**WHAT IS REQUIRED**.
From the listing below, output only the lines starting at the line that has "172 في إطار" and ending at the line that has "Ledercouch, neuer Esstisch", exactly as they appear, ends included.

**SUPPLIED DATA**.
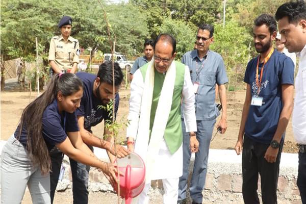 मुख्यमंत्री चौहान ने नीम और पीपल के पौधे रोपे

...

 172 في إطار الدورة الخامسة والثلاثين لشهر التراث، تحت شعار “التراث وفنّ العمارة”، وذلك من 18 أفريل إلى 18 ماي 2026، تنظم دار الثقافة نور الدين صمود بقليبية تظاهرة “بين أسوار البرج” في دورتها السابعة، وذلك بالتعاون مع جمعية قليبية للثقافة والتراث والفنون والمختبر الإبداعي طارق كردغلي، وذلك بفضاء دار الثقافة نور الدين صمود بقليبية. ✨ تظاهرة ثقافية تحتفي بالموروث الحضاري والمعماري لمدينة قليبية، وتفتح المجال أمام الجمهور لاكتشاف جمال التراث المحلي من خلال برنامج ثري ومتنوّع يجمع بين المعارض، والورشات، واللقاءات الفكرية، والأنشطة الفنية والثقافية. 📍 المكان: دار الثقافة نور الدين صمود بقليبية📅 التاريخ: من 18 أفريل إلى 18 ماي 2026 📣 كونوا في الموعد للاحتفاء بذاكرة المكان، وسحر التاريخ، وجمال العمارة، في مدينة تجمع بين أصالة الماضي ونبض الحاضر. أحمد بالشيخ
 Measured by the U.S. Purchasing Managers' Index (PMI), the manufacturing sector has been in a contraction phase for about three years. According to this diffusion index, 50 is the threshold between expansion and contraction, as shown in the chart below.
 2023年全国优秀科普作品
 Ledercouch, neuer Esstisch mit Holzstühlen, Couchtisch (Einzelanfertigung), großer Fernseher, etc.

**OUTPUT FOR THIS EXERCISE**.
 172 في إطار الدورة الخامسة والثلاثين لشهر التراث، تحت شعار “التراث وفنّ العمارة”، وذلك من 18 أفريل إلى 18 ماي 2026، تنظم دار الثقافة نور الدين صمود بقليبية تظاهرة “بين أسوار البرج” في دورتها السابعة، وذلك بالتعاون مع جمعية قليبية للثقافة والتراث والفنون والمختبر الإبداعي طارق كردغلي، وذلك بفضاء دار الثقافة نور الدين صمود بقليبية. ✨ تظاهرة ثقافية تحتفي بالموروث الحضاري والمعماري لمدينة قليبية، وتفتح المجال أمام الجمهور لاكتشاف جمال التراث المحلي من خلال برنامج ثري ومتنوّع يجمع بين المعارض، والورشات، واللقاءات الفكرية، والأنشطة الفنية والثقافية. 📍 المكان: دار الثقافة نور الدين صمود بقليبية📅 التاريخ: من 18 أفريل إلى 18 ماي 2026 📣 كونوا في الموعد للاحتفاء بذاكرة المكان، وسحر التاريخ، وجمال العمارة، في مدينة تجمع بين أصالة الماضي ونبض الحاضر. أحمد بالشيخ
 Measured by the U.S. Purchasing Managers' Index (PMI), the manufacturing sector has been in a contraction phase for about three years. According to this diffusion index, 50 is the threshold between expansion and contraction, as shown in the chart below.
 2023年全国优秀科普作品
 Ledercouch, neuer Esstisch mit Holzstühlen, Couchtisch (Einzelanfertigung), großer Fernseher, etc.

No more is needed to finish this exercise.